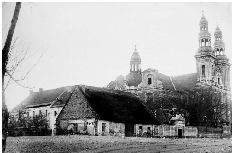
Rys. 6. Widok opactwa w Łądz od strony południowo-wschodniej, teren po rozebranych pałacu opata łukomskiego i południowej części opackiego ogrodu z widoczną pozostałością parteru oficyny pałacu, zdjęcie z ok. 1910 r.

fotografia z ok. 1910 roku (rys. 6). Na tym miejscu, w latach 30. XX w., stanęły budynki gospodarcze, rozbudowane w latach 1957–1968 31 . Pod koniec XX w. i w 2007 roku większość budynków gospodarczych została rozebrana.
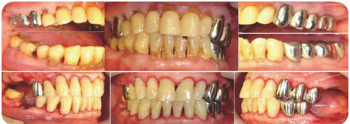
▲ 身心障礙特殊需求牙科特殊需求者牙科治療 - 高齡失能老年人口腔照護。
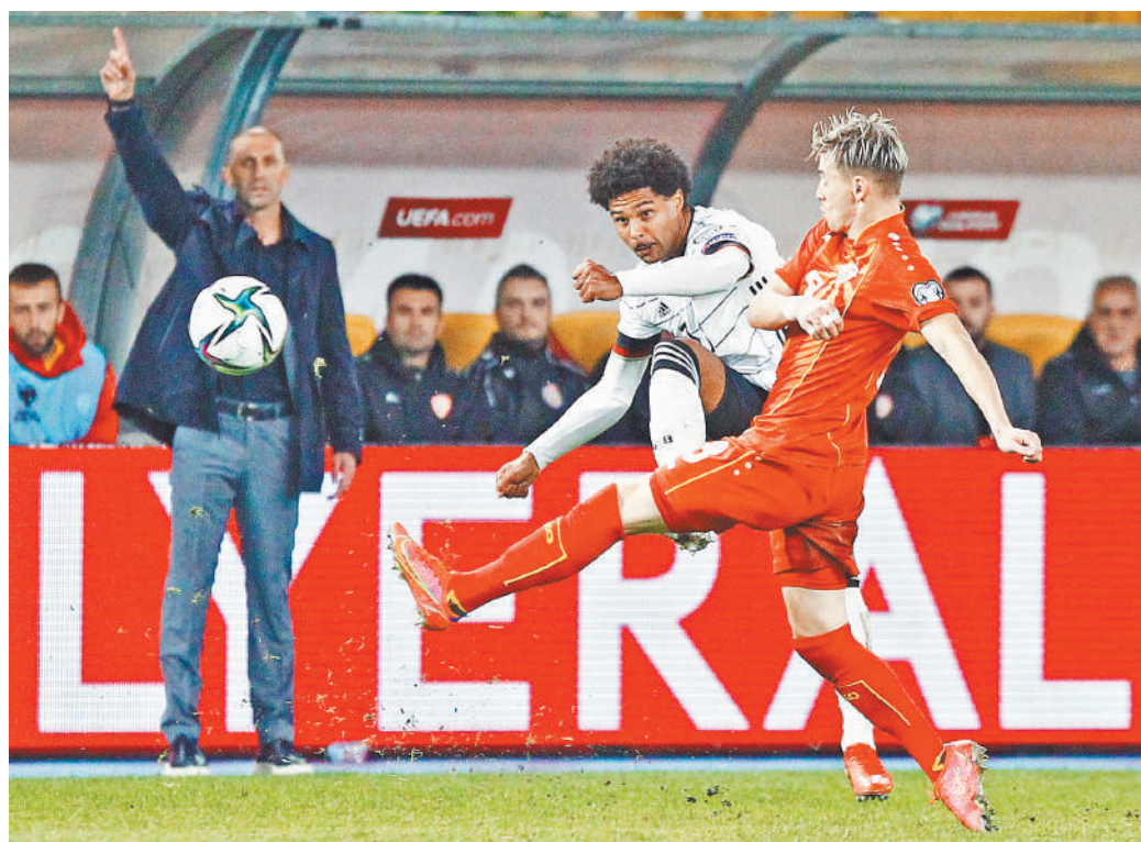
После неудачи на Евро-2020 сборная Германии потихоньку возвращается на прежний уровень.

Первое место в опросе занял российский вратарь «Тампы» Андрей Василевский. Следом расположились: Коннор Хеллбайк («Виннипег»), Марк-Андре Флери («Чикаго»), Кэри Прайс («Монреаль»), Джон Гибсон («Анахайм»).
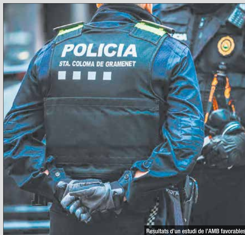
Resultats d'un estudi de l'AMB favorables

mitjana metropolitana, que se situa en el 26%. Aquesta dada reforça la posició de la ciutat com un dels municipis
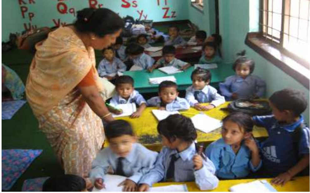
कक्षाकोठामा बालबालिकाहरूलाई मिलाएर राखी पढाईरहेको

यसरी बालबालिकाहरूलाई चकटीमा मिलाएर राखी सकेपछि सबै बालबालिकाहरूलाई उठाई राष्ट्रिय गान सयौं थुङ्गा फुलका हामी एउटै माला नेपाली गाउन लगाईएको थियो । यसबाट के कुरा स्पष्ट हुन्छ भने बालबालिकालाई राष्ट्रिय भावना प्रति सजक गराउने तथा विहानको दैनिक क्रियाकलापहरू नियमित गराउने बानीको विकास गराउन खोजेको देखिन्छ । यस बेलामा बालबालिकाहरू रमाएर राष्ट्रिय गान गाईरहेका थिए र कोही बालबालिकाहरू भर्खर-भर्खर मात्र भर्ना भएकाले कक्षाकोठामा बस्न नमानिरहेको देखियो । कोही बालबालिकालाई निदाईरहेका थिए तिनहरूलाई कक्षाका पछाडी चकटीमा सुताईरहेको थियो जुन तल चित्रमा छ ।
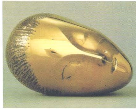
Resim 3, Brancusi, "Uyuyan Prenses" 1906.
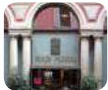
» Museo Poldi Pezzoli
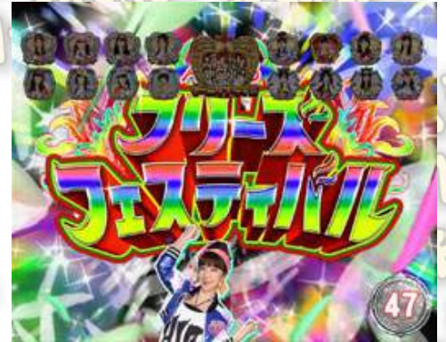
AKB フリーズフェスティバル(凍結祭典)

フリーズフェスティバル(凍結祭典)中是48圖案連線為全雙線，成立時的1/2為MUSIC凍結發生。
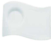
2 カフェパーティー プレート 2484-2830 〈RBL-33〉 9-2318-0201 ¥4,000 220×170×H30
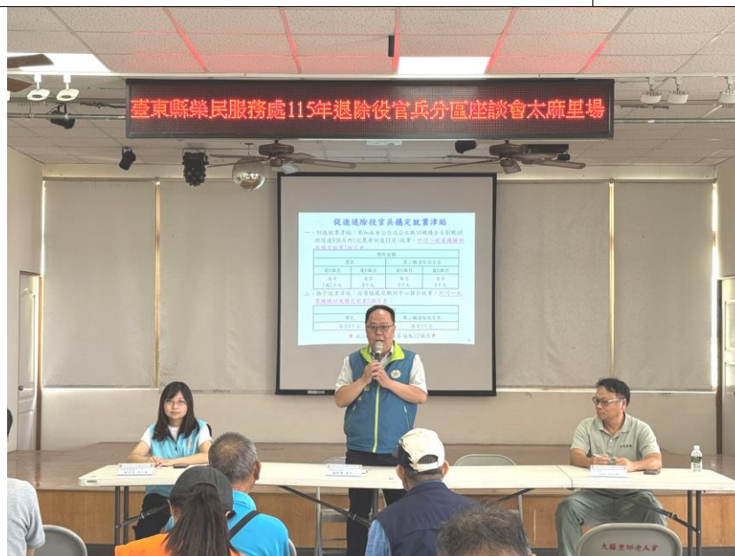
曾中一總幹事主太麻里、達仁、金峰地區分區座談會

....

* Task goal *
Each line above that contains the word "凍結祭典" should be counted, and only the total given.

* Result of the exercise *
2